We do seem to have a certain problem here

Those politicians who we depute to deal with international trade for us seem not to know what international trade is, its point nor its purpose. This is indeed a certain problem - for what’s the point of deputing policy making to those with no grasp of the subject under discussion?

Britain’s trade deal with New Zealand risks opening up its beef, dairy and sheep-meat producers to cheaper imports with few compensating benefits, a Commons report says.

The cross-party international trade committee has raised concerns over the elimination of tariffs on New Zealand goods under the free trade agreement, and has called for an analysis of the potential risks to the UK’s food security.

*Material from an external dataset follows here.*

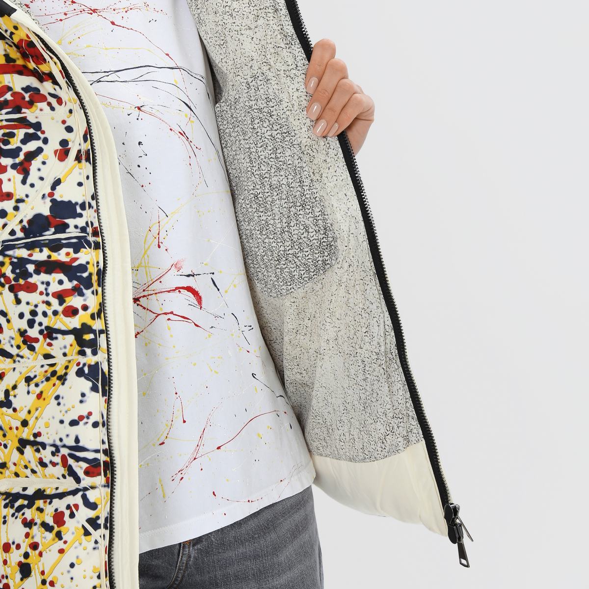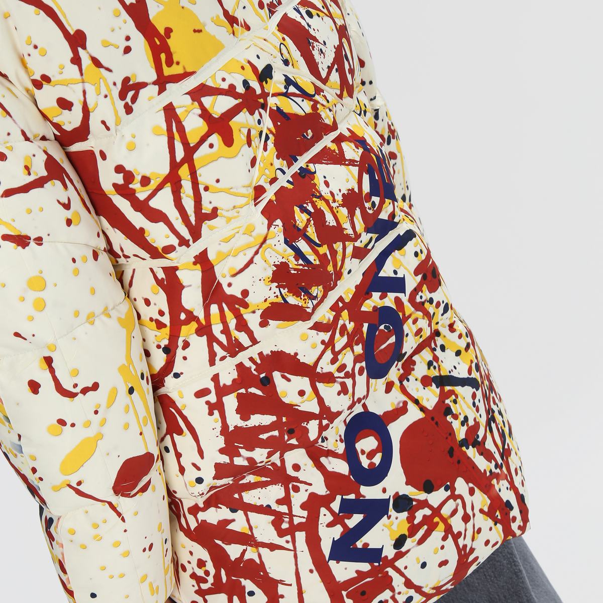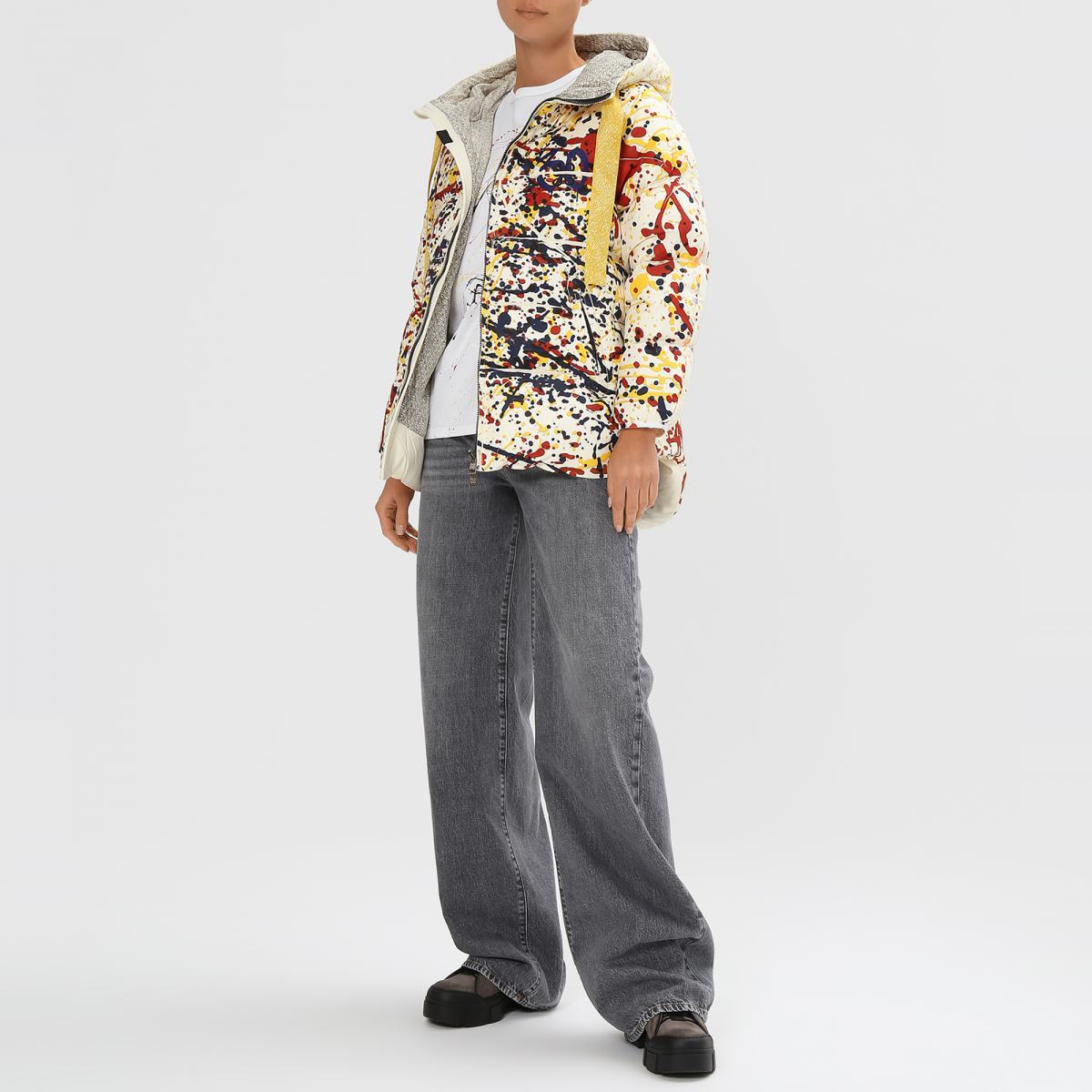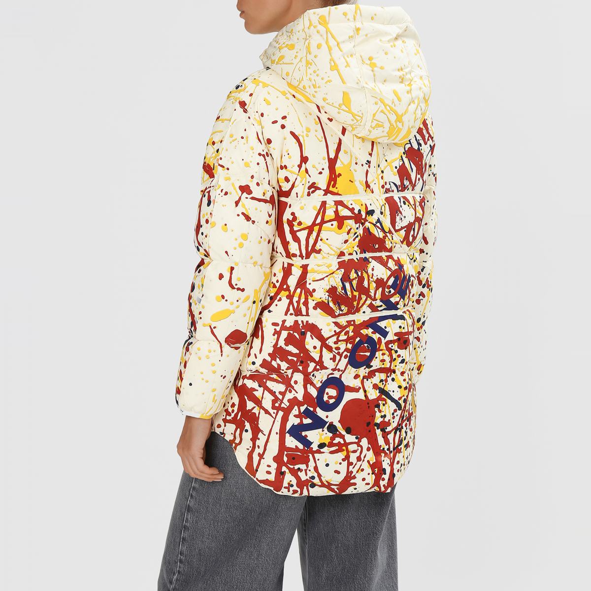 Куртка с красочным принтом станет не просто предметом верхней одежды, но и оригинальным способом проявления своей индивидуальности. Модель выполнена из полиэстера и утеплена наполнителем также из полиэстера. Куртка застёгивается на двустороннюю молнию, дополнена боковыми карманами. Объёмный капюшон затягивается на крупные текстильные завязки, которые также являются акцентной деталью. Принт в виде хаотично расположенных красочных брызг позволит создавать стритвир-образы..

The MPs questioned whether the government has fully considered the “pros and cons” of liberalising tariffs given that its own impact assessment predicted the UK’s agriculture, forestry, fishing and semi-processed food sectors could contract from the increased competition. New Zealand’s beef, sheep-meat and dairy products are generally cheaper to produce.

As Adam Smith pointed out the purpose of all production is consumption. As can be derived from that - and from other logical chains - the point and purpose of trade is the imports. For it is the imports that we get to consume, exports being what we must labour over for other people to consume.

Which is what makes these complaints entirely and wholly barking. For those complaints are that Johnny Foreigner might produce food more cheaply than we can. Therefore we will be able to eat cheaper than if we relied solely upon our own stout yeomen. This is the complaint recall.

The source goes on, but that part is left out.